To understand the psychology behind a lie is to clarify something fundamental about the one telling it. By the end of Alan Ball’s All That I Will Ever Be, however, clarity about the liar remains elusive—one of those mysterious riddles inscrutably wrapped in an impenetrable enigma, despite some satisfying psychological penetration on the part of the playwright. The liar is Omar, retail worker in L.A. by day, escort on the Hollywood outskirts by night. He’s Lebanese, Moroccan, Egyptian or French—or he’s Carlito, Puerto Rican papi. You want desperately to care about him, but which “him” do you mean? And Omar had better select a single story soon: Swarthy, lanky and sexy can only get you so far when you’re over 35—the age when a gay escort’s expiration date is plainly approaching in the rearview mirror.

Or Omar (an uneven but affecting Peter Macdissi, of “Six Feet Under” fame) can just keep lying, even as he falls for Dwight (a charismatic Austin Lysy), a young client living off the wealth of his father (Victor Slezak in a small, compelling role) while gorging on sex, weed and self-pity over the long-ago suicide of his mother. When, during sex with Omar, Dwight blurts an orgasmic racial slur (“Fuck me, Osama!”), the seeds of an unlikely connection are forged between them. And naturally it must unravel as Omar’s ever-shifting story finally sabotages him.

It takes a similarly unlikely (maybe even implausible) sequence of events to get Omar to that point. For example: After a bisexual escapade in Act 1, a scene in Act 2 between Omar and Raymond (an older gay man played by an excellent David Margulies) cracks Omar’s brittle outer shell. Whoever he is or was, Omar sees that the soul he enigmatically wrapped inside that mysterious riddle is now like an endangered species. And to play this requires a kind of long-form emotional acting that Macdissi has only begun to fully put together.

Directed with alacrity and insight by Jo Bonney, Ball’s play, if never affirming who Omar is, does provide the other actors with the basis for fine performances. Margulies, as noted, is terrific—one of the most beautifully honest portrayals of an older gay man ever. And Patch Darragh, who plays a small gallery of minor roles, is chameleonic—a cute waiter hitting on Dwight in one scene, the boyfriend of Beth (a talky Kandiss Edmundson) in another.

Other critics have written that All That I Will Ever Be feels like a teleplay, but that’s too facile.

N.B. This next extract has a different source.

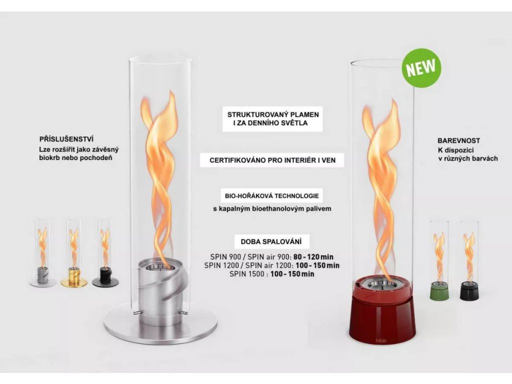 Hypnotizující hra plamenů zaujme svou výjimečnou estetikou, promyšlenou funkčností a nekompromisní bezpečností. Na bázi přírodního bioetanolu Höfats se zdánlivě jednoduchý SPIN air promění ve velkolepý, zářivý vír plamenů, jakmile je nastaven válec ze žáruvzdorného borosilikátového skla.

No, the problem here is Ball offers a compelling psychological portrait without applying all the colors to the canvas—even if we expect more from the man who wrote the screenplay to American Beauty and created “Six Feet Under.” Another rewrite would have revealed the truth, I suspect, behind Omar’s web of lies. (Leonard Jacobs)

Through March 11. New York Theatre Workshop, 79 E. 4th St. (betw. 2nd & 3rd Aves.), 212-239-6200; $60.